[Items from a dataset]
┏━━

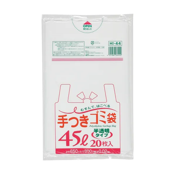 ジャパックス 手付きポリ袋シリーズ 45L HI44 半透明 20枚×30冊
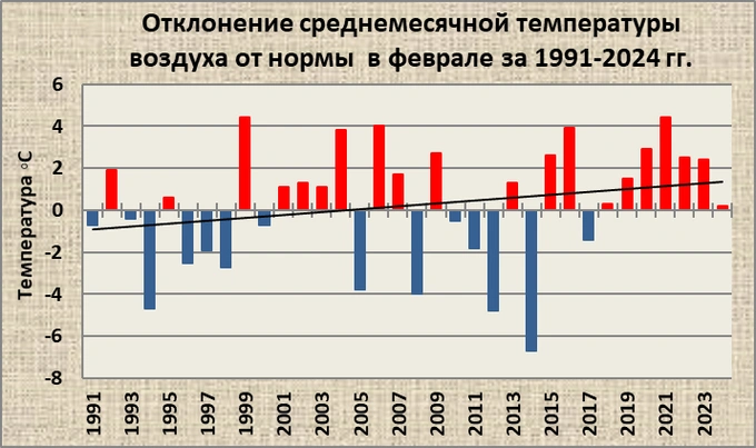 В этом веке самыми тёплыми в целом были феврали 2004, 2016 и 2021 годов, когда средняя месячная температура превышала климатическую норму на 3−6 градусов. В эти годы в самые тёплые периоды температура воздуха повышалась до +22…+27 градусов, по югу — до +28…+30, что больше характерно для середины весны.
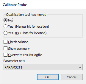 AUTOCALIBRATE/PROBE, PARAMETER_SET=, QUALTOOL_MOVED=Y/Y/N, CHECK COLLISION=Y/N, SHOW_SUMMARY=Y/N, OVERWRITE_RESULTSFILE=Y/N
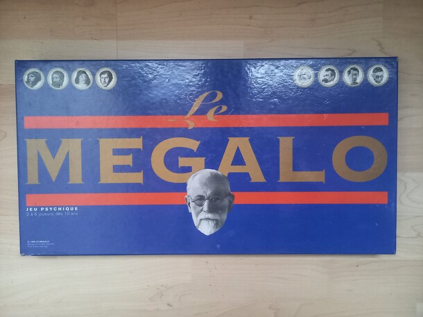 Le MEGALO is a game created and self-published by entrepreneur Jacques Zwahlen, head of the Veillon mail-order company, and sold in the company's catalog, distributed to all Swiss households in the 90s and 2000s. It's a mixture of Monopoly and a game of goose on the theme of human psychic development from birth to death. To win, players must acquire a...
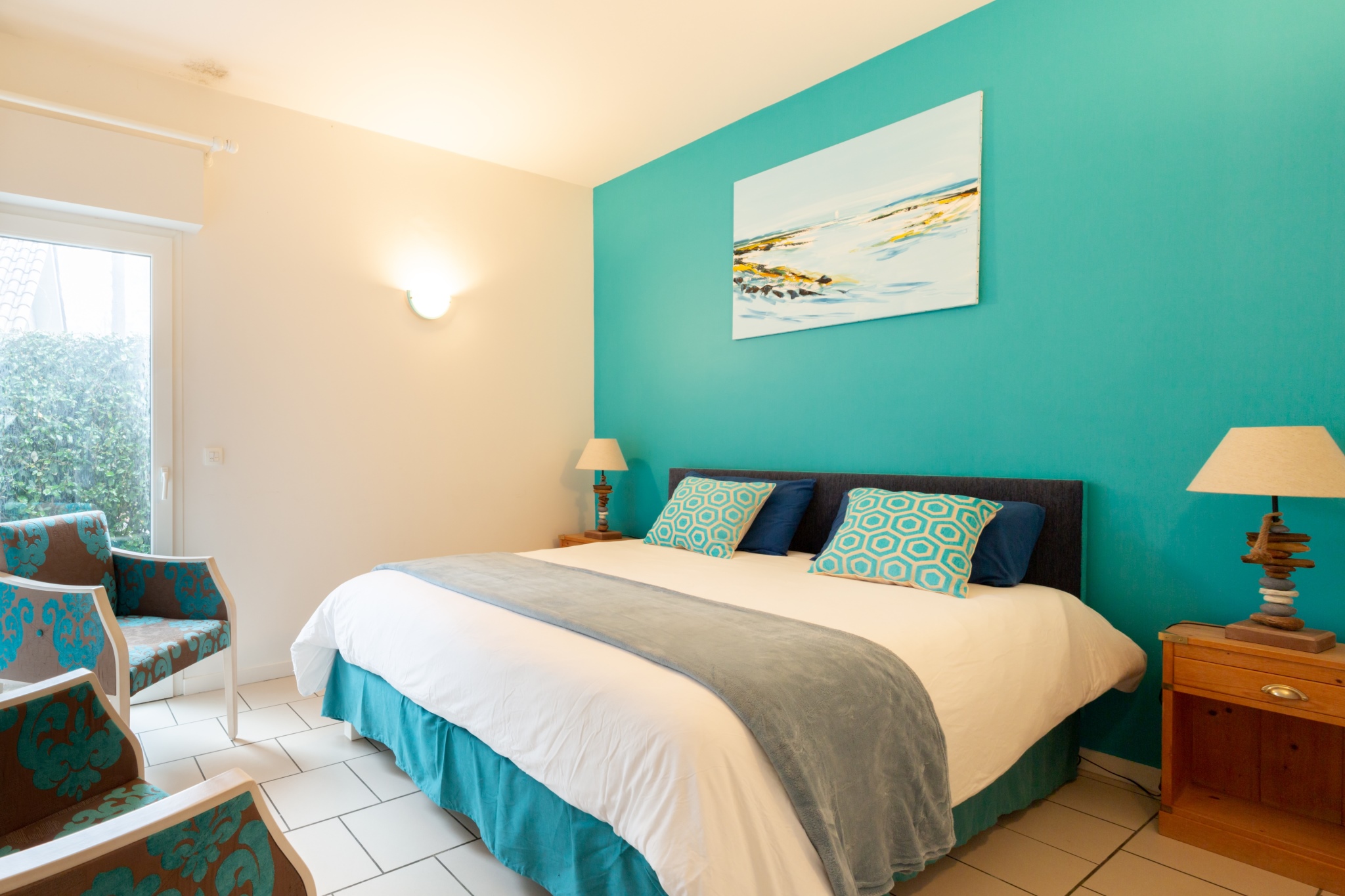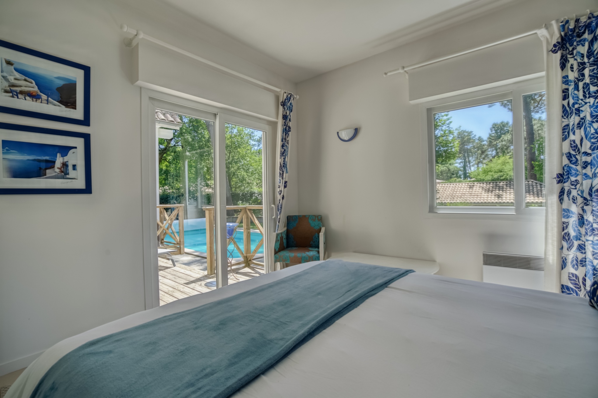 Biscarrosse-lac, Golf, agréable villa avec piscine chauffée de 9m sur 4,50m. Elle est composée d'une entrée, d'un séjour avec TV et accès sur la terrasse. Une cuisine équipée de plaques de cuisson, four, micro-onde, réfrigérateur, congélateur, lave vaisselle, cafetière, bouilloire, grille-pain. Un cellier avec lave linge et sèche linge. Une chambre avec un lit double, une chambre avec 2 lits simples, une suite parentale avec salle d'eau attenante et accès terrasse. Salle de bain et WC indépendant. Décoration contemporaine, jardin clos et paysager, parking. Wifi.

┗━━

__What you will do__
For each record above, write it out exactly and omit any picture.

__Answer section__
 ジャパックス 手付きポリ袋シリーズ 45L HI44 半透明 20枚×30冊
 В этом веке самыми тёплыми в целом были феврали 2004, 2016 и 2021 годов, когда средняя месячная температура превышала климатическую норму на 3−6 градусов. В эти годы в самые тёплые периоды температура воздуха повышалась до +22…+27 градусов, по югу — до +28…+30, что больше характерно для середины весны.
 AUTOCALIBRATE/PROBE, PARAMETER_SET=, QUALTOOL_MOVED=Y/Y/N, CHECK COLLISION=Y/N, SHOW_SUMMARY=Y/N, OVERWRITE_RESULTSFILE=Y/N
 Le MEGALO is a game created and self-published by entrepreneur Jacques Zwahlen, head of the Veillon mail-order company, and sold in the company's catalog, distributed to all Swiss households in the 90s and 2000s. It's a mixture of Monopoly and a game of goose on the theme of human psychic development from birth to death. To win, players must acquire a...
 Biscarrosse-lac, Golf, agréable villa avec piscine chauffée de 9m sur 4,50m. Elle est composée d'une entrée, d'un séjour avec TV et accès sur la terrasse. Une cuisine équipée de plaques de cuisson, four, micro-onde, réfrigérateur, congélateur, lave vaisselle, cafetière, bouilloire, grille-pain. Un cellier avec lave linge et sèche linge. Une chambre avec un lit double, une chambre avec 2 lits simples, une suite parentale avec salle d'eau attenante et accès terrasse. Salle de bain et WC indépendant. Décoration contemporaine, jardin clos et paysager, parking. Wifi.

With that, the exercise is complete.